# J H mcLean's



## cyberdigger (Feb 12, 2012)

..what have I just 'buy it now'd ..??


----------



## epackage (Feb 12, 2012)

Whatever it is you're lucky it don't say Paterson on it or you would no longer own it....[8D][8D]


----------



## cyberdigger (Feb 12, 2012)

True, but I'd gouge you good on it.. JK[]


----------



## epackage (Feb 12, 2012)

> ORIGINAL:  cyberdigger
> 
> True, but I'd gouge you good on it.. JK[]


 I'd offer you $8.01 for it...[]


----------



## epackage (Feb 12, 2012)

Here's a labeled and boxed example...

 http://www.ebay.com/itm/Dr-McLeans-Strengthening-Cordial-Blood-Purifier-Label-Originsl-Box-/260926502938?pt=LH_DefaultDomain_0&hash=item3cc06e781a


----------



## cyberdigger (Feb 12, 2012)

If I count the bottles currently in my apartment, and realistically estimate the amount of money I spend on bottles, it all works out somehow.. and I come away with a first-rate ejumakashin..


----------



## cyberdigger (Feb 12, 2012)

..I mean: edge a meckayshin


----------



## surfaceone (Feb 12, 2012)

Hey Charlie,

 Quite cordial of you to show this.






"J. H. McLean's "Peace Makers"

 For some reason the profession of gun design and development seems to have been infested with more phonies than any other known vocation. It would be a great injustice to the true craftsmen of the manually operated machine-gun era not to mention in contrast the alleged inventions of Dr. J. H. McLean and his assistant, Myron Coloney. These men invented more mythical weapons, had more publicity, and accomplished less than anyone since Puckle.

 McLean was born in Scotland in 1829, and a few months later his father emigrated to Nova Scotia. At the age of 13 the boy left home and followed the frontier west as far as St. Louis, where he attended a medical college.
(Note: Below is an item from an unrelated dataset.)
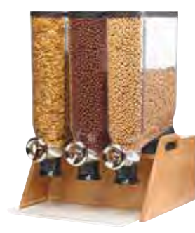
PRO-BULK Dispenser System Triple Table-Top Bamboo Stand with Clear Acrylic Tray 3.5 Gal / 13.3 L ea. 17.7 x 20.5 x 25.4 in 45 x 52 x 63.5 cm Item # DS102

He decided, at this time, to concoct a preparation known as a "strengthening cordial" which, according to advertisements, would cure just about anything from pink eye to paralysis. The returns from his patent-medicine sales, which were practically all profit, soon made McLean immensely wealthy. At this point he entered the gun-development field. This sudden change in professions was no doubt due to a chance meeting with Myron Coloney of New Haven, Conn., a self-confessed inventor of great renown.


 This pair set out upon a mission, the scope and ambition of which the world has never known; they patented impregnable forts, unsinkable ships, repeating cannon, gun-launched torpedoes, repeating pistols, rifles, and machine guns of all descriptions. The best insight into the aims of McLean and Coloney can be obtained by quoting from a 200-page brochure advertising their world-shaking ordnance designs and extolling the inventors. The pamphlet, entitled Imperial Edict, was written by the promoters themselves, but was phrased stiltedly in the third person.

 "Dr. J. H. McLean's Strengthening Cordial and Blood Purifier, with his other prepared medicines, can now be found in drug stores in nearly every village, hamlet and home in the Western and Southern States--in fact, in many places in Europe as well as the United States-accessible to the poor as well as the rich. That humane mission fully accomplished, that great life work carried out, one might think would be sufficient; but the Doctor's great heart burned to go on--go on to do more for his fellow men. Hearing of the killing and slaughter of the brave soldiers in Europe and Asia at the will of their rulers, he resolved to develop such terribly destructive weapons of war, arms, torpedoes, and fortresses, and such perfect defenses, as would compel all nations to keep peace towards each other.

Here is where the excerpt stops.